WHAT YOU SHOULD DO -
Everything in the listing below needs restating exactly, apart from the pictures.

PROVIDED DATA -
○ ○ ○

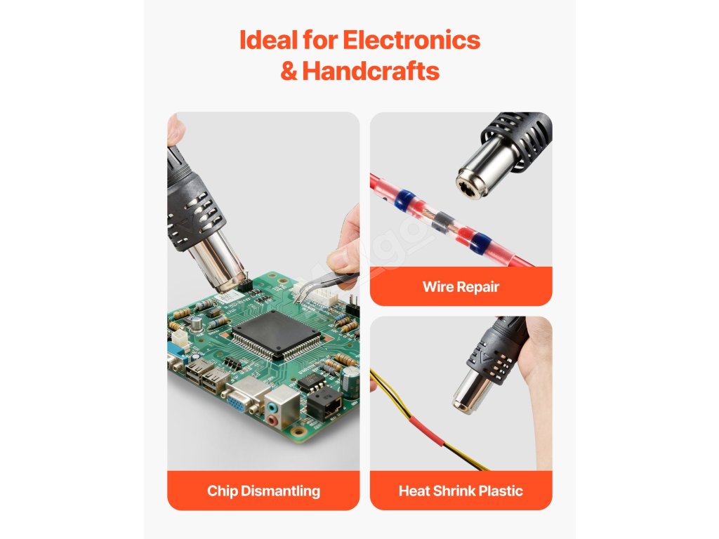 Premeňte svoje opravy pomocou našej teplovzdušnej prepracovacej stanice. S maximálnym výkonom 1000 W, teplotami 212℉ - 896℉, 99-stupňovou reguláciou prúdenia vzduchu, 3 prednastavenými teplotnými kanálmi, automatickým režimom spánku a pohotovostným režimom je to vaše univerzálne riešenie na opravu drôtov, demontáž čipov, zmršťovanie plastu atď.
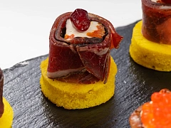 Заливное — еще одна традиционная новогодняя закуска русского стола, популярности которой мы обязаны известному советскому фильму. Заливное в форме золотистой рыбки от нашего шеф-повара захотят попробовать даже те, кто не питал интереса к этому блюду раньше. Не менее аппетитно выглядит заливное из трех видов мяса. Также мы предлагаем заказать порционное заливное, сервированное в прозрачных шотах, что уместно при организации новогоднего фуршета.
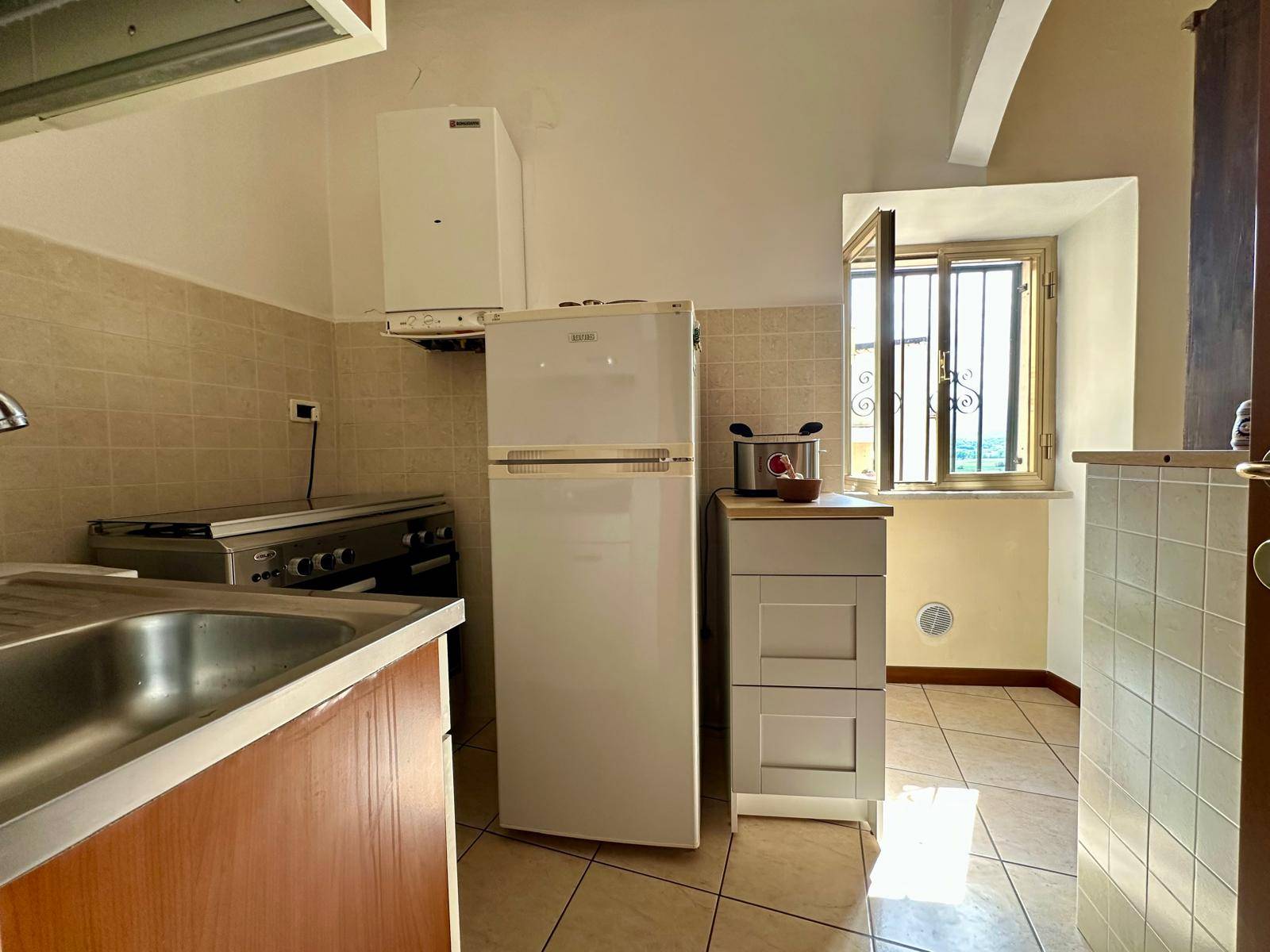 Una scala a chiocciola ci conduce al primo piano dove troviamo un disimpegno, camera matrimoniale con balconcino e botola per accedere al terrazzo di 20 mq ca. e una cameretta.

○ ○ ○

SOLUTION TO THIS TASK -
 Premeňte svoje opravy pomocou našej teplovzdušnej prepracovacej stanice. S maximálnym výkonom 1000 W, teplotami 212℉ - 896℉, 99-stupňovou reguláciou prúdenia vzduchu, 3 prednastavenými teplotnými kanálmi, automatickým režimom spánku a pohotovostným režimom je to vaše univerzálne riešenie na opravu drôtov, demontáž čipov, zmršťovanie plastu atď.
 Заливное — еще одна традиционная новогодняя закуска русского стола, популярности которой мы обязаны известному советскому фильму. Заливное в форме золотистой рыбки от нашего шеф-повара захотят попробовать даже те, кто не питал интереса к этому блюду раньше. Не менее аппетитно выглядит заливное из трех видов мяса. Также мы предлагаем заказать порционное заливное, сервированное в прозрачных шотах, что уместно при организации новогоднего фуршета.
 Una scala a chiocciola ci conduce al primo piano dove troviamo un disimpegno, camera matrimoniale con balconcino e botola per accedere al terrazzo di 20 mq ca. e una cameretta.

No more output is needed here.